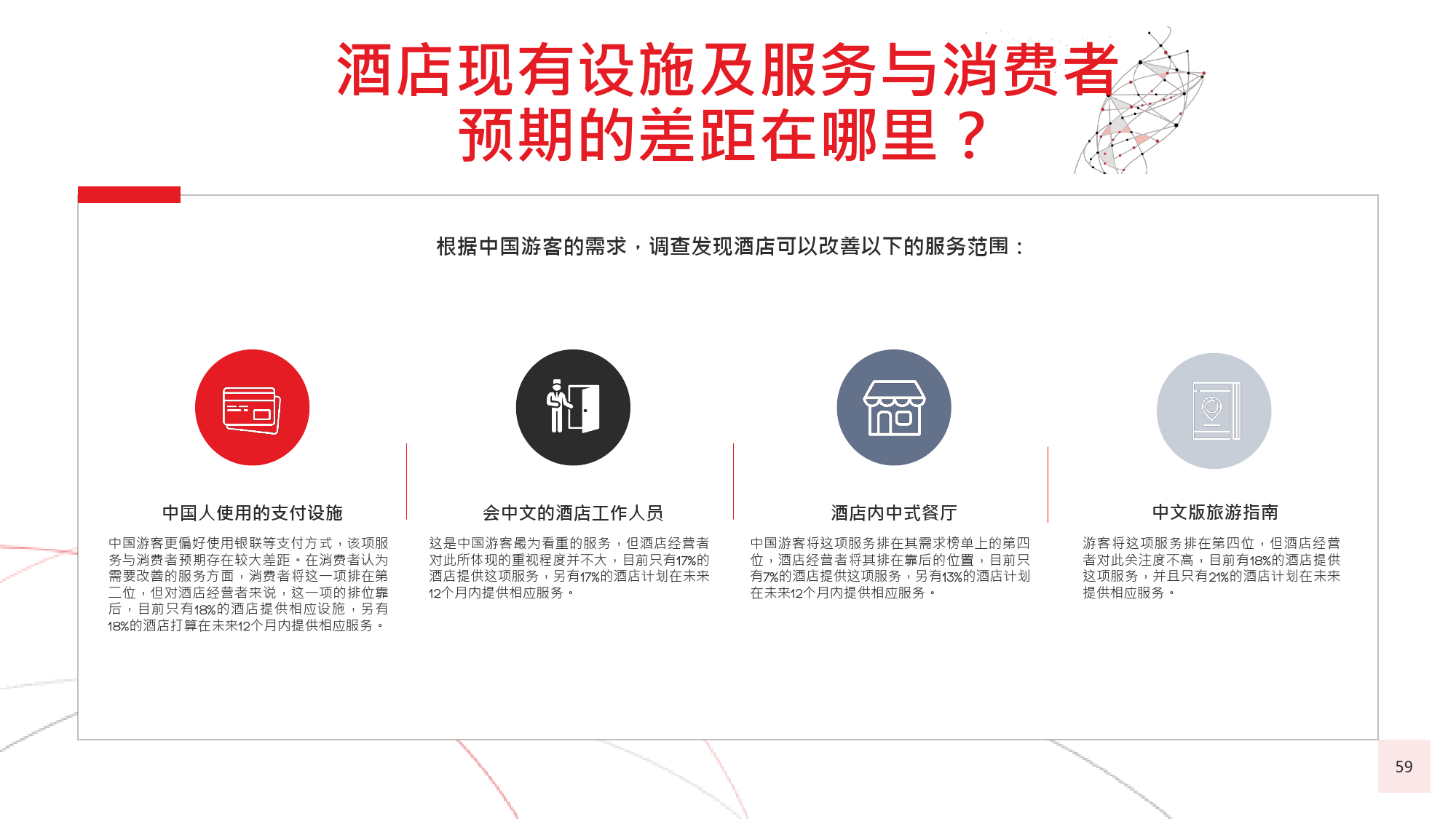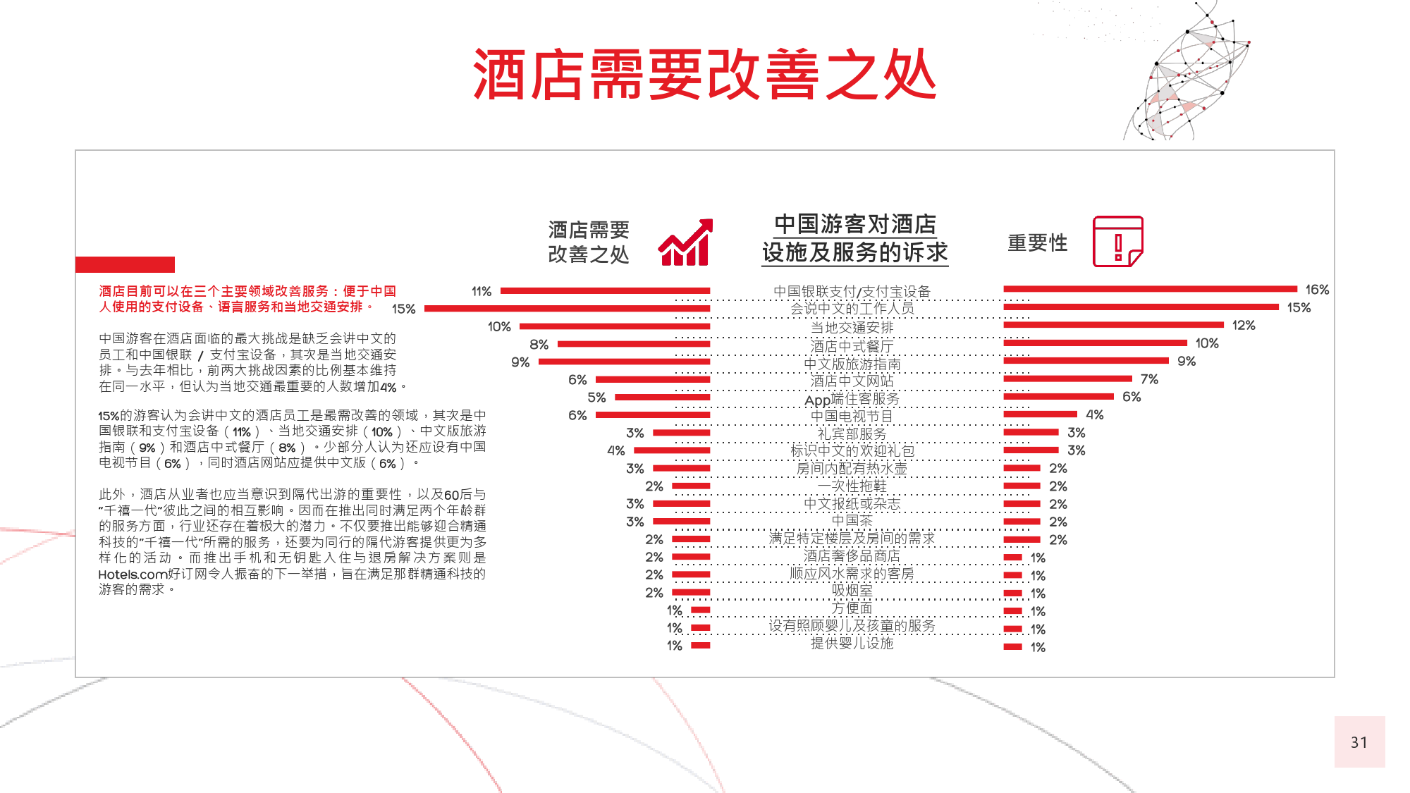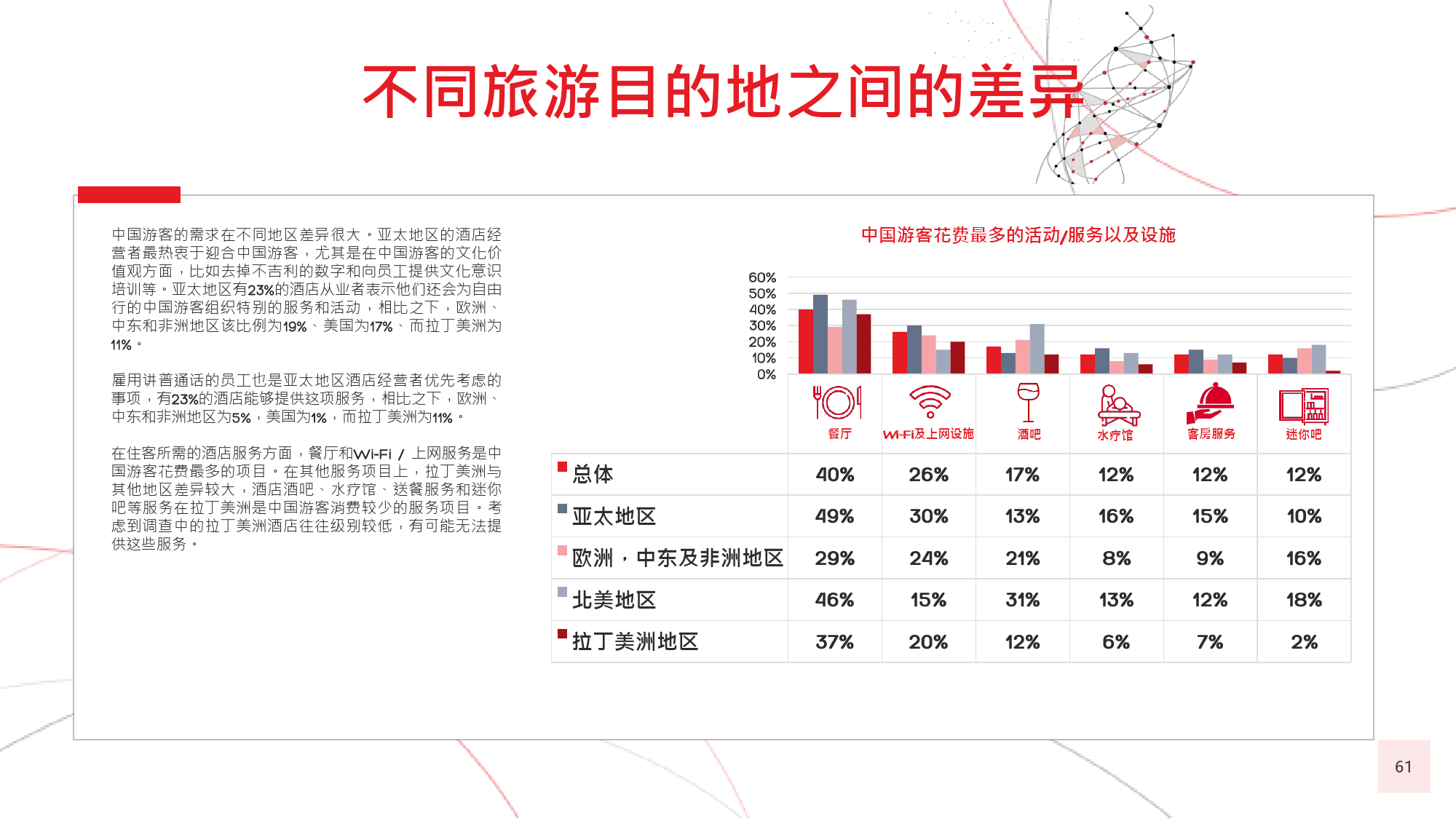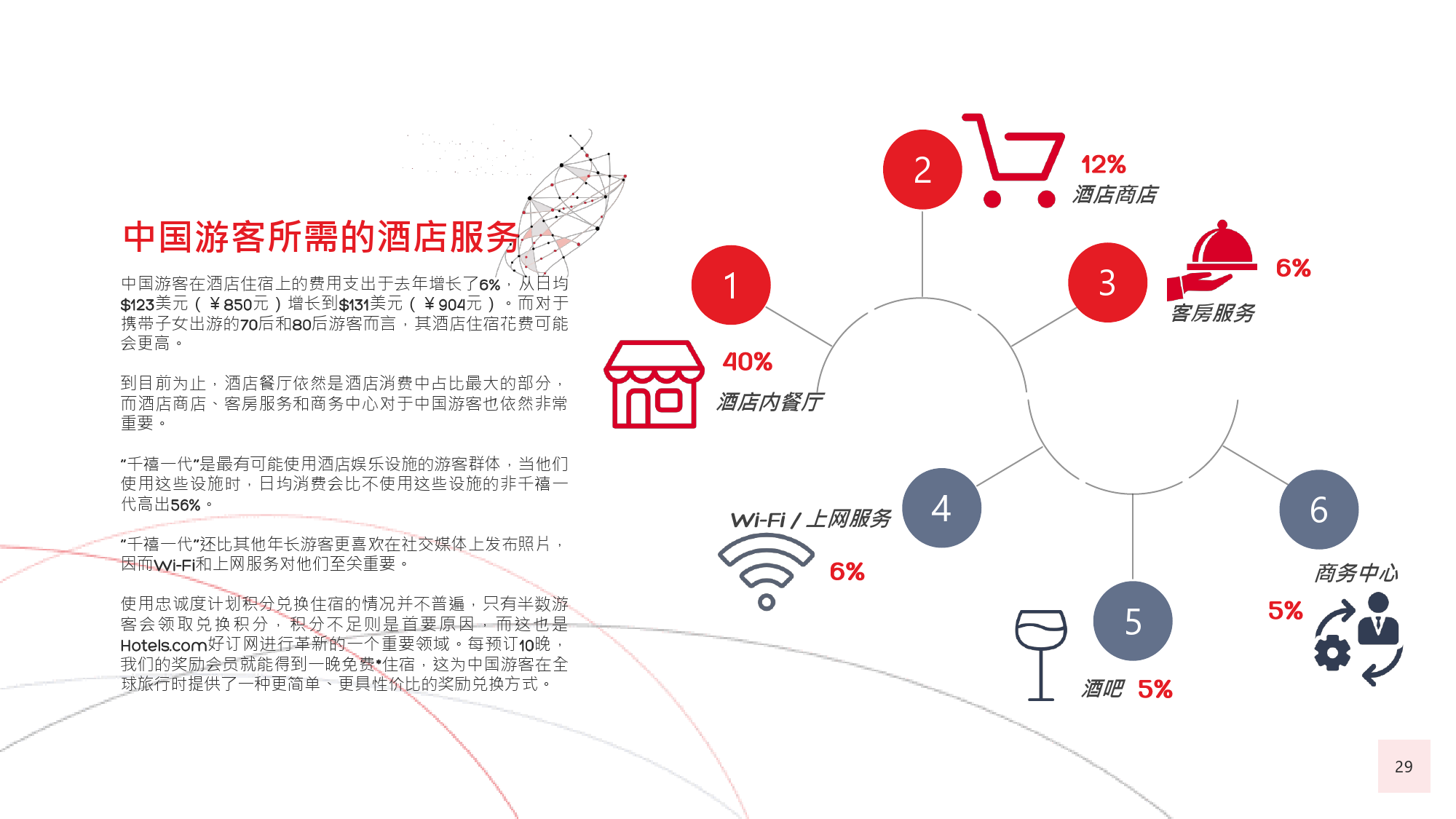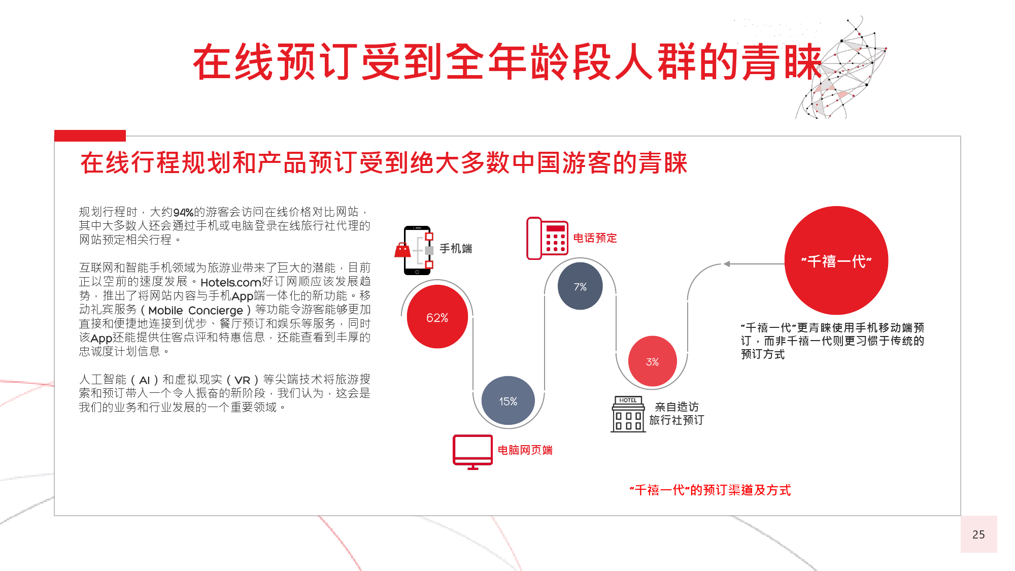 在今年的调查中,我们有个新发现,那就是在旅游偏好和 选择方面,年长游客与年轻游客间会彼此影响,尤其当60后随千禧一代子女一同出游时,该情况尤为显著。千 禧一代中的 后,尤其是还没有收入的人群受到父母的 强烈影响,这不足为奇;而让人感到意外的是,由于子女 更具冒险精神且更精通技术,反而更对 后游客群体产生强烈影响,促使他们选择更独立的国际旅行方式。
* * *
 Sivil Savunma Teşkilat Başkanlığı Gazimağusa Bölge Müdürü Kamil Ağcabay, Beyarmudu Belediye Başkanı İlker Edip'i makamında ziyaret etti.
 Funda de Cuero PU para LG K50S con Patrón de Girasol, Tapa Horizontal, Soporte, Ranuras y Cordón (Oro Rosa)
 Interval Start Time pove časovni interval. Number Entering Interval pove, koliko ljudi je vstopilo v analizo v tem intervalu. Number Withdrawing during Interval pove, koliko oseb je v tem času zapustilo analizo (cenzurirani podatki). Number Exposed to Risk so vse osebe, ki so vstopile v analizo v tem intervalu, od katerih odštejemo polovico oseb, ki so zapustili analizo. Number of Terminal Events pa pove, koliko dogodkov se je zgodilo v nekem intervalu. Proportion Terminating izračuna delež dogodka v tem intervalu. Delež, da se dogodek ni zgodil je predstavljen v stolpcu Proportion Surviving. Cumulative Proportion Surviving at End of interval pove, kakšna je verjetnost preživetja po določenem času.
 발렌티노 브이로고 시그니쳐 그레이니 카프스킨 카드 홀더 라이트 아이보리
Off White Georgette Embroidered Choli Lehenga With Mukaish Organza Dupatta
==
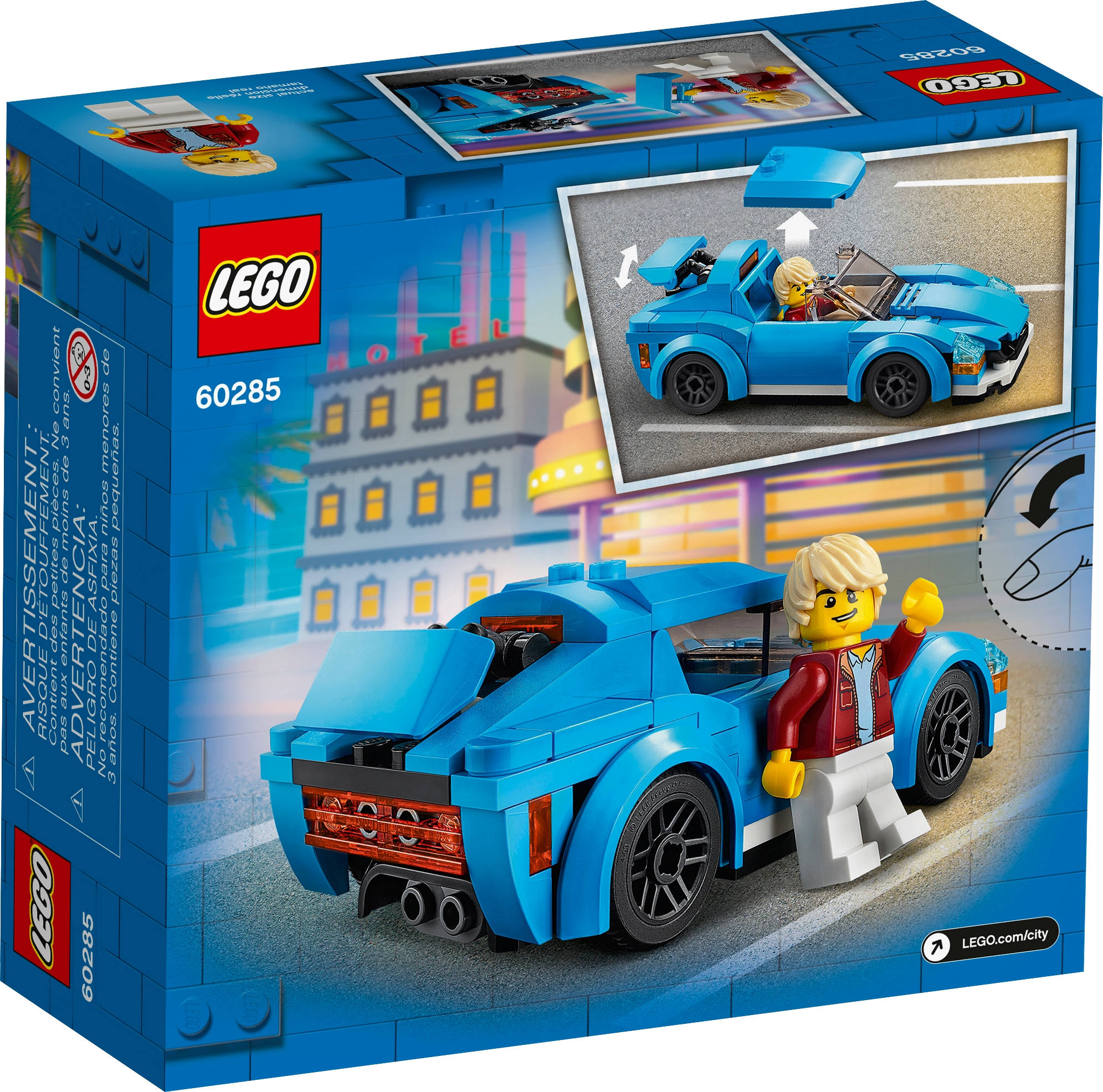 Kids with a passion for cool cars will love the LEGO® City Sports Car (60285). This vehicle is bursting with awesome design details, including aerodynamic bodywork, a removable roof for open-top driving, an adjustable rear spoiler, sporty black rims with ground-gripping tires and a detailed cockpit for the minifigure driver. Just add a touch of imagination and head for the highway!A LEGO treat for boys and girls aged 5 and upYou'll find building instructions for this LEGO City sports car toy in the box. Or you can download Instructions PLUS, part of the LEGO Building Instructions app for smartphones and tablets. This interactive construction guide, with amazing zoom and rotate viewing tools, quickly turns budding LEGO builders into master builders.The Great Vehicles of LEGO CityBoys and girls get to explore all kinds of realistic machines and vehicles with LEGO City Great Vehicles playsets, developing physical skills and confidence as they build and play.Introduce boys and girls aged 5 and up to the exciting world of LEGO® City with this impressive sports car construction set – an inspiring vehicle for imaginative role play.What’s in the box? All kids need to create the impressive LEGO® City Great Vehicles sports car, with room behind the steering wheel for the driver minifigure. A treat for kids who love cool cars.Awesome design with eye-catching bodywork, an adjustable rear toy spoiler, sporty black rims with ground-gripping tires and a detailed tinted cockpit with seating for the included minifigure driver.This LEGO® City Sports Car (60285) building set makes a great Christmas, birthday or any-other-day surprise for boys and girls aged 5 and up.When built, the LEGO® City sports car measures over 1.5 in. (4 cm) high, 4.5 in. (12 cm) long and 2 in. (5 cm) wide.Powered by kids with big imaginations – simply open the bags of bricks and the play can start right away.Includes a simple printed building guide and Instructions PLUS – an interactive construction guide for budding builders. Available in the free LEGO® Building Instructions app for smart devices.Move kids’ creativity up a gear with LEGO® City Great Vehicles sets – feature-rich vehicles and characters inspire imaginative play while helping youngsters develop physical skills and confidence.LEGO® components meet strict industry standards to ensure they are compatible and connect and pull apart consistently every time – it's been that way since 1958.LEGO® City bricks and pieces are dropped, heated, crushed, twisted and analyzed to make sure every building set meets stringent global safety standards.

* **Problem requirements**:
Print, from the entries above, the line with "Sivil Savunma Teşkilat", the line with "Funda de Cuero" and all lines between them, exactly and with nothing else.

* **Finished task**:
 Sivil Savunma Teşkilat Başkanlığı Gazimağusa Bölge Müdürü Kamil Ağcabay, Beyarmudu Belediye Başkanı İlker Edip'i makamında ziyaret etti.
 Funda de Cuero PU para LG K50S con Patrón de Girasol, Tapa Horizontal, Soporte, Ranuras y Cordón (Oro Rosa)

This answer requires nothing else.